7. The delivery of up to 10% more or less than the ordered volume shall not justify a complaint. The delivered quantity shall be billed.

VIII. Storage, insurance
1. Models, raw materials, print substrates and other items suitable for re-utilisation, as well as unfinished and finished products shall only be stored beyond the date of delivery if this was arranged in advance and compensated specifically.
2. The contractor shall handle aforesaid items provided by the client with care until the date of delivery. The contractor shall only be liable for damage to such items in the case of wilful misconduct or gross negligence.
3. Insuring aforesaid items shall be incumbent upon the client.

IX. Scope of liability
If models or any other contract documents should be damaged or lost due to fault on the part of the contractor, the contractor shall be liable only for the material value, but under no circumstances for the intangible value or for consequential loss. In all cases, liability shall be limited to the value of the specific contract. Additional claims, including claims arising from a failure to perform due to breach of an obligation not otherwise governed by statute (positive Forderungsverletzung), shall be excluded. The contractor shall not be liable for external artwork, film, printing plates, other models, manuscripts, and other items that are not claimed by the client within four weeks.

X. Property, copyright 
1. All items used by the contractor to produce the contract goods, especially film, lithographs, printing plates, stamps, dies and other models, shall remain the property of the contractor and shall not be shipped, even if they are billed separately.
2. The client shall be solely liable if executing the order would violate the rights of others, especially third-party copyright. The client shall indemnify and hold the contractor harmless against all claims made by third parties on the basis of any such violation of rights.
3. By ordering the goods, the client agrees, until any cancelation is made, that their name and/or company symbol will be featured and expressed by the contractor in this context. Equally, the client allows the visual display of the ordered goods as a reference product. In case the client does not wish to do so, it is sufficient to send a written, informal note to the contractor to end this use.

XI. Commercial practice
In business transactions the customs of the trade in the printing industry shall apply (e.g. no obligation to surrender possession of semi-finished products such as data, lithographies or printing plates produced for the production of the final product on order), provided the order does not specify otherwise.

XII. Archival
Only under an express agreement and against special reimbursement shall products to which the Customer is entitled, particularly data and data carriers, be archived by the Company beyond the time of handing over the final product to the Customer or persons employed by him in performing an obligation. If the prespecified items are to be insured, the Customer himself must provide for this where there is no agreement.
XIII. Imprint
The contractor may, with the client's permission, include an appropriate reference to the contractor's business on the contract goods. The client may only withhold its consent if the client has an overriding interest in doing so.

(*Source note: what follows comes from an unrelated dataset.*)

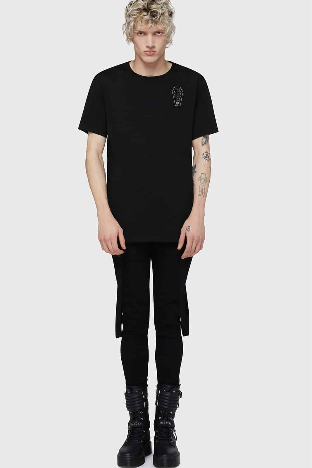 Dieses T-Shirt aus der exklusiven Motionless In White x KILLSTAR Kollaboration verbindet klassische Streetwear mit düsterer Band-Ästhetik. Der weiche Baumwollstoff sorgt für angenehmen Tragekomfort, während der markante Backprint mit Totenkopfmotiv und das dezente MIW-Applikationspatch auf der Brust einen starken visuellen Kontrast setzen. Ein zeitloses Piece für Fans von Darkwear, Alternative Fashion und kompromisslosem Style.

XIIII. Place of performance, jurisdiction, validity
1. If both parties are registered merchants within the meaning of the German Commercial Code (HGB), the place of performance and place of jurisdiction for all claims and legal disputes arising under this contract, including summary proceedings able to be disposed of on the basis of documentary evidence only (including those involving bills of exchange), shall be the domicile of the contractor.
2. If any clauses of this contract should be or become partly or wholly invalid, the remaining clauses shall continue to apply.